From the records below, print only the part that opens with the line containing "Kerkdijk 8 is" and closes with the line containing "秋水也取代了在司法島拯救羅賓"; omit the pictures.

── THE RECORDS

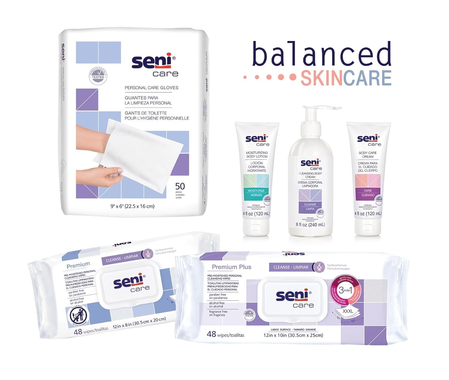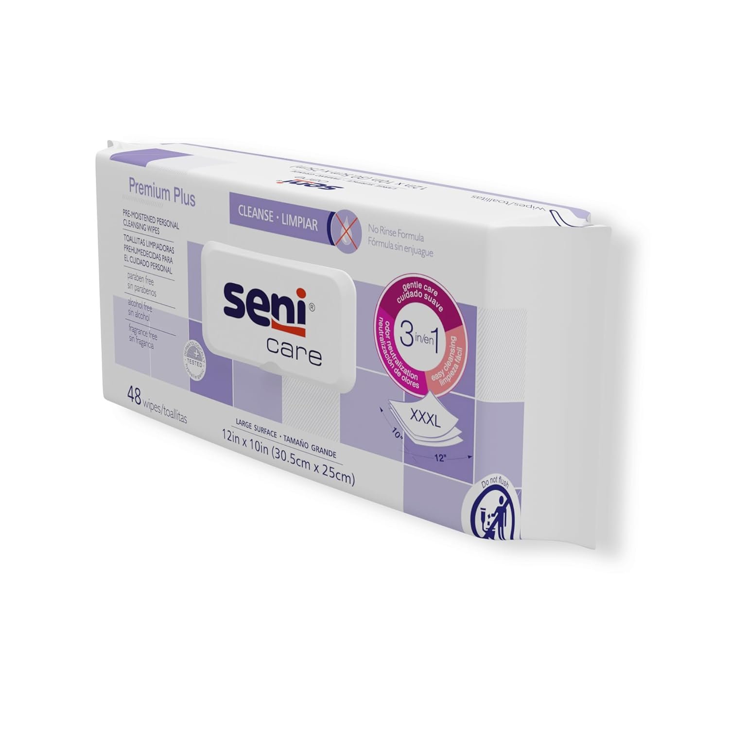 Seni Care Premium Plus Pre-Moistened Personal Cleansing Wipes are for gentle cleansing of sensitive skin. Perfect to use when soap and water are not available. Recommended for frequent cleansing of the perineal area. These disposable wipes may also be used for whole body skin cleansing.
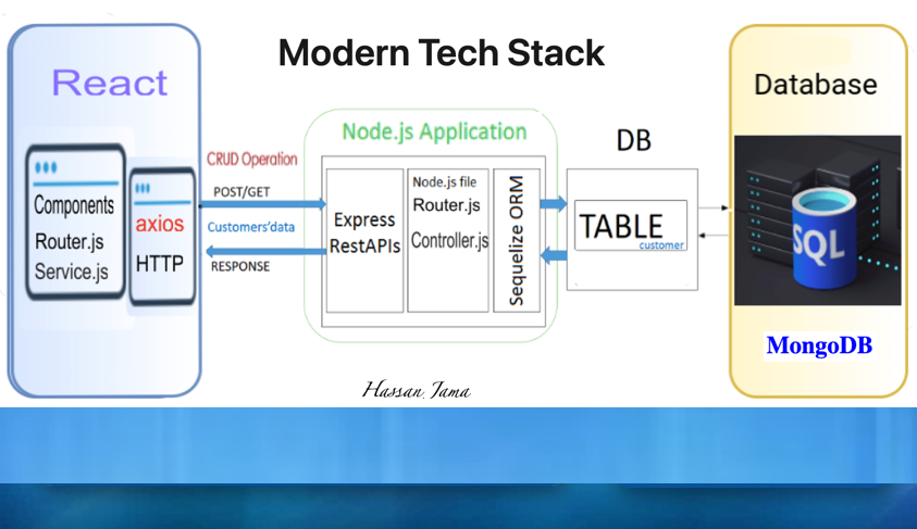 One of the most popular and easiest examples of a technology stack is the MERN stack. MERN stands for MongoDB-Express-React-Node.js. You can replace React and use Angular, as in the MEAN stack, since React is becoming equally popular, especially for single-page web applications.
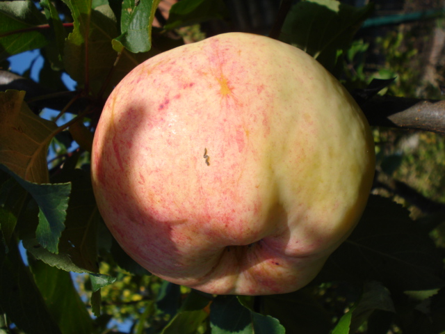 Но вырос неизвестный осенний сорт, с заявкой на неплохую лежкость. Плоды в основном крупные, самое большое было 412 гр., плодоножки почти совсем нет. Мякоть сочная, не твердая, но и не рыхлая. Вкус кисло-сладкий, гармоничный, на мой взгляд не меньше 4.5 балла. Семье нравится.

────
── THE RECORDS

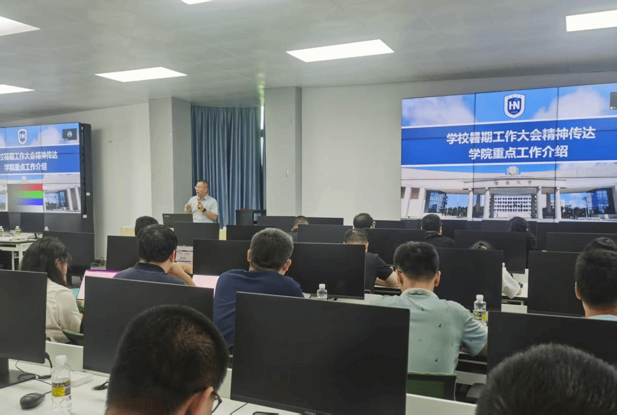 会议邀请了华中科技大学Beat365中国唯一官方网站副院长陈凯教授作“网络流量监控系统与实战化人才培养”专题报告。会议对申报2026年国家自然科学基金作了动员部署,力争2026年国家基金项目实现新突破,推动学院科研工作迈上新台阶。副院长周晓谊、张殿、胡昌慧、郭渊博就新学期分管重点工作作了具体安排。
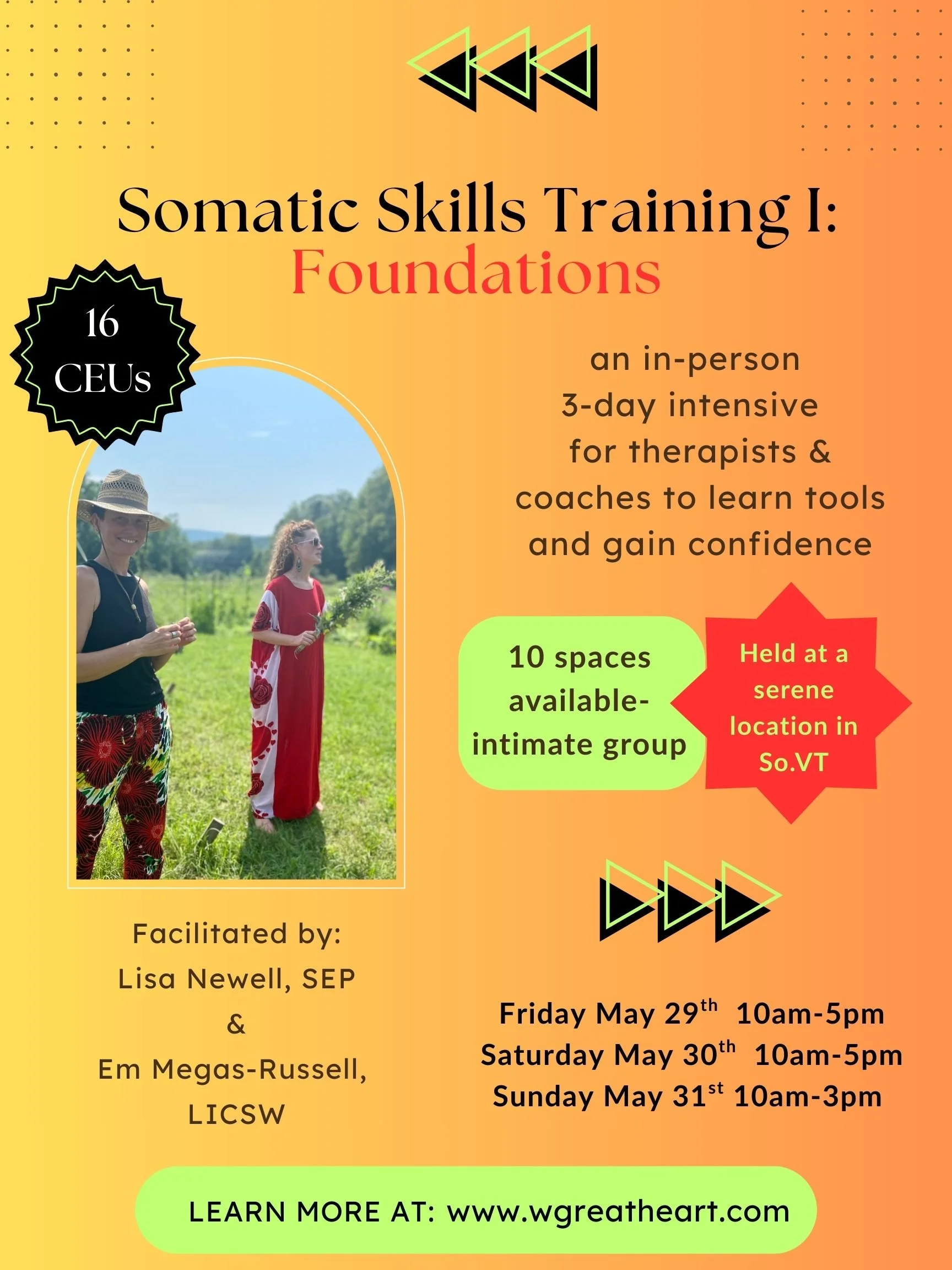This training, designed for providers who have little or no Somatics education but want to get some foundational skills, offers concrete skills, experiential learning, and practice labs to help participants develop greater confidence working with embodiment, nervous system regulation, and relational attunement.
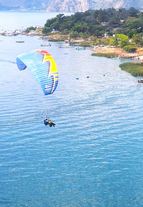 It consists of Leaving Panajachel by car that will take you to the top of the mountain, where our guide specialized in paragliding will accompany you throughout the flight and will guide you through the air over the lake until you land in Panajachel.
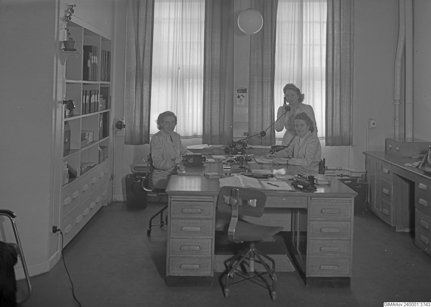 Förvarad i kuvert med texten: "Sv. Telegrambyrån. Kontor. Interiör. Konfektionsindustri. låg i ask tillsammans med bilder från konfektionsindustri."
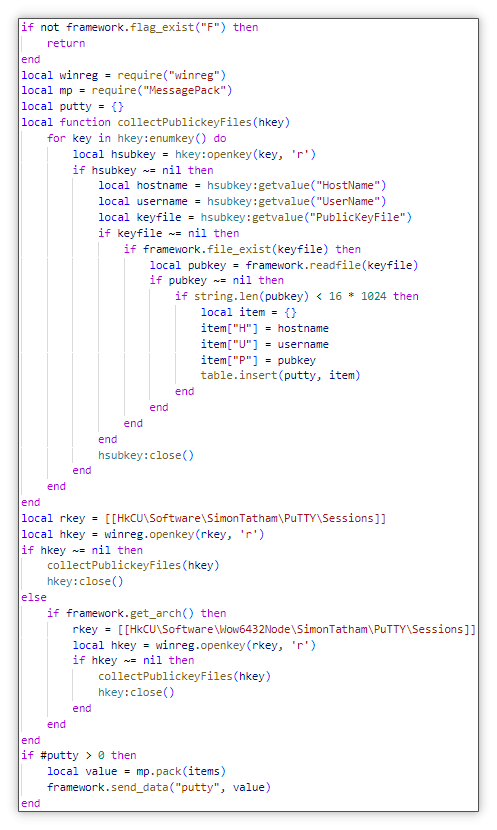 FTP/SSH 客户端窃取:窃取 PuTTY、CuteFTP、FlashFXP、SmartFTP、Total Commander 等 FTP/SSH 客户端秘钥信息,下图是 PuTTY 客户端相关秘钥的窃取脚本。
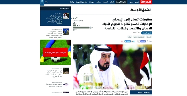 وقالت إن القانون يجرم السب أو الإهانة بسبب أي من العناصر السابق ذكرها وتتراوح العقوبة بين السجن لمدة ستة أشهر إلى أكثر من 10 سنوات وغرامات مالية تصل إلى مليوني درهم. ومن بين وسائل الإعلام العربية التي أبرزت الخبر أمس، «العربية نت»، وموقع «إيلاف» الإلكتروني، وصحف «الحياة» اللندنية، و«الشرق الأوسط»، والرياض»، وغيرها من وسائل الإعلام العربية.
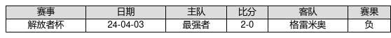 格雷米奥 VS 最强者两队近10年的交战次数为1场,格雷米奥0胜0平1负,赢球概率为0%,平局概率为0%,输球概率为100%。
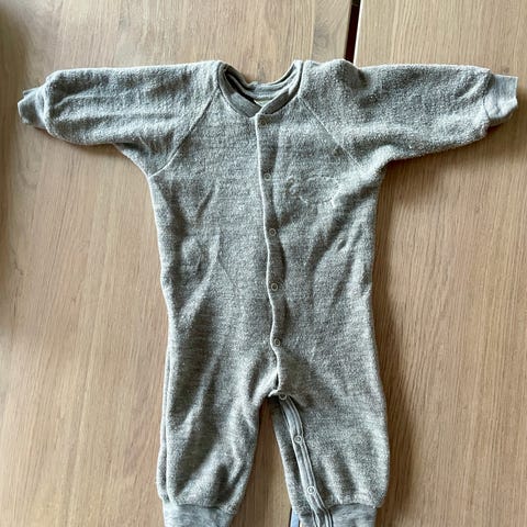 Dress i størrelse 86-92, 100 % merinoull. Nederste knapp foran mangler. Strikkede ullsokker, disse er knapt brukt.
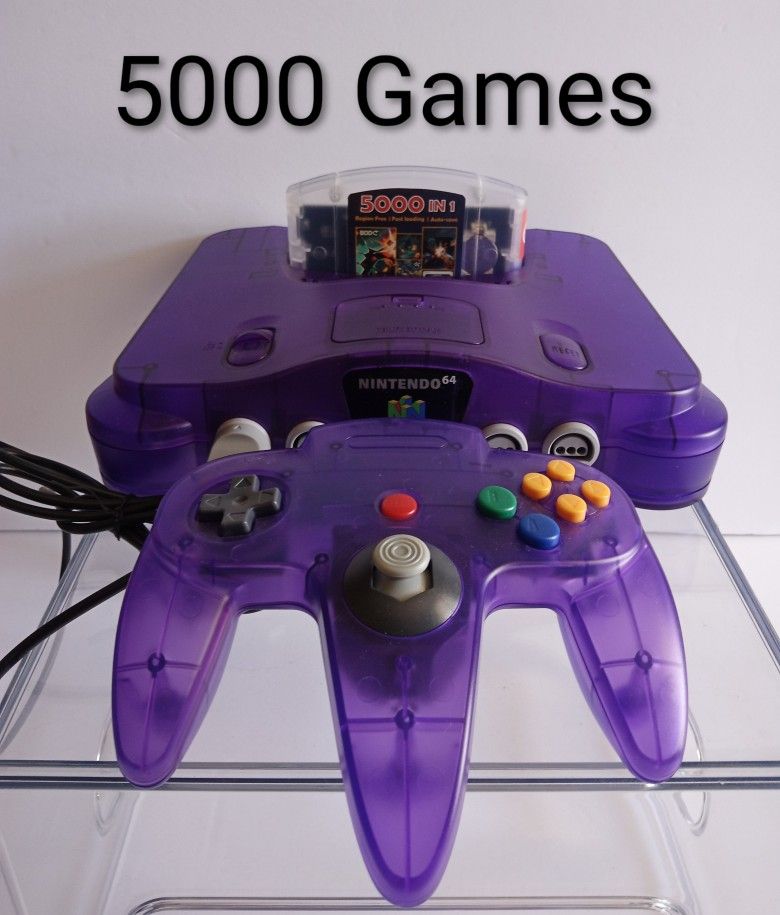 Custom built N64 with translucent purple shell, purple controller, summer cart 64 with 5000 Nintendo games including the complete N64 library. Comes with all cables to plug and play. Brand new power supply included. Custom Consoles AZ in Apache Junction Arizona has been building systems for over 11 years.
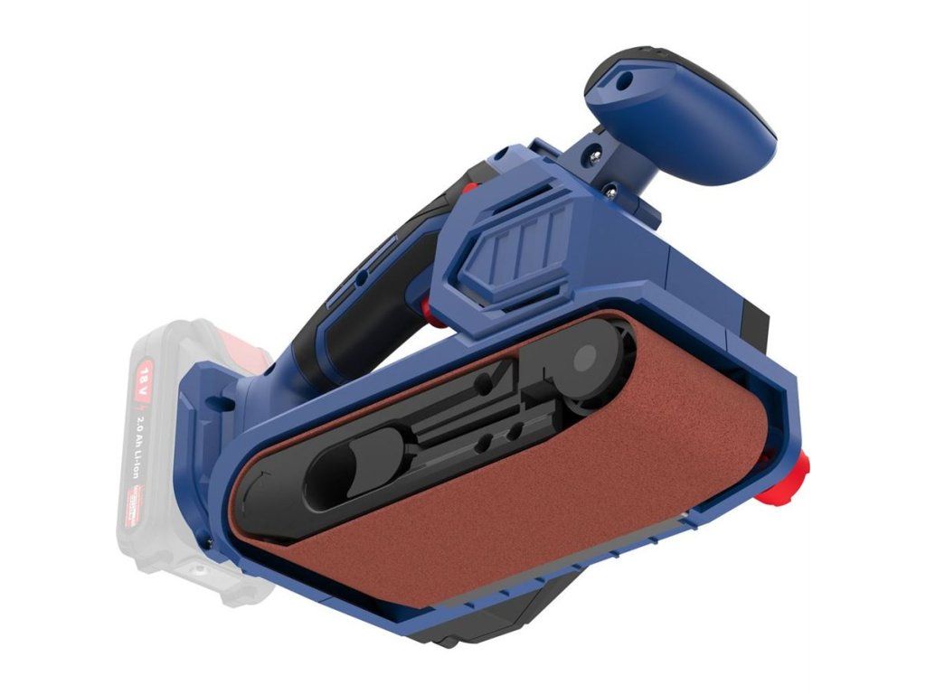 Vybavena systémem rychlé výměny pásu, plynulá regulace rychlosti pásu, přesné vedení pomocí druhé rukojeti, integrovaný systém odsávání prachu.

────
── THE RECORDS

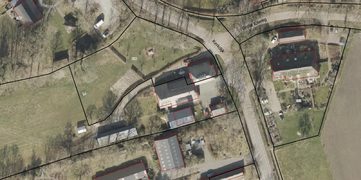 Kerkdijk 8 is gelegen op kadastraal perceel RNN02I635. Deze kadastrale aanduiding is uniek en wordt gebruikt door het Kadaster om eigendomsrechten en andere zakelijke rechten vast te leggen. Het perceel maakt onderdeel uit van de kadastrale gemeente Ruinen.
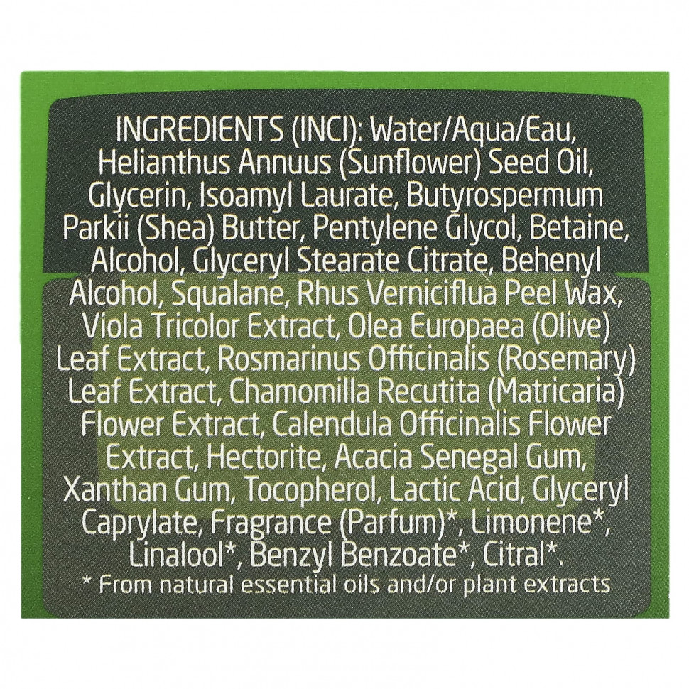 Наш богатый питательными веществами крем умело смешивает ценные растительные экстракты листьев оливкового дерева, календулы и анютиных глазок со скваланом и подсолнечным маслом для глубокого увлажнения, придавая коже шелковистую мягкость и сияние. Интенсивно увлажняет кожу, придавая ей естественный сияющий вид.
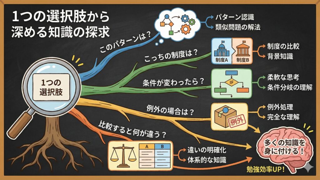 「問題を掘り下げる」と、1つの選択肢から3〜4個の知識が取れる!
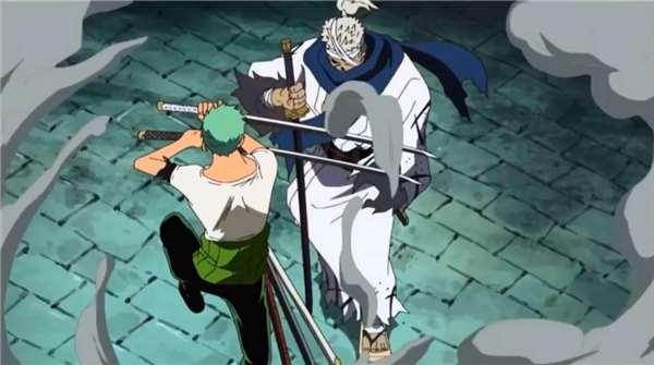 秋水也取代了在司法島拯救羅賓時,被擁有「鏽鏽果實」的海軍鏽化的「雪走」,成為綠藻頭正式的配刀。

────

**WORKED SOLUTION:**
 Kerkdijk 8 is gelegen op kadastraal perceel RNN02I635. Deze kadastrale aanduiding is uniek en wordt gebruikt door het Kadaster om eigendomsrechten en andere zakelijke rechten vast te leggen. Het perceel maakt onderdeel uit van de kadastrale gemeente Ruinen.
 Наш богатый питательными веществами крем умело смешивает ценные растительные экстракты листьев оливкового дерева, календулы и анютиных глазок со скваланом и подсолнечным маслом для глубокого увлажнения, придавая коже шелковистую мягкость и сияние. Интенсивно увлажняет кожу, придавая ей естественный сияющий вид.
 「問題を掘り下げる」と、1つの選択肢から3〜4個の知識が取れる!
 秋水也取代了在司法島拯救羅賓時,被擁有「鏽鏽果實」的海軍鏽化的「雪走」,成為綠藻頭正式的配刀。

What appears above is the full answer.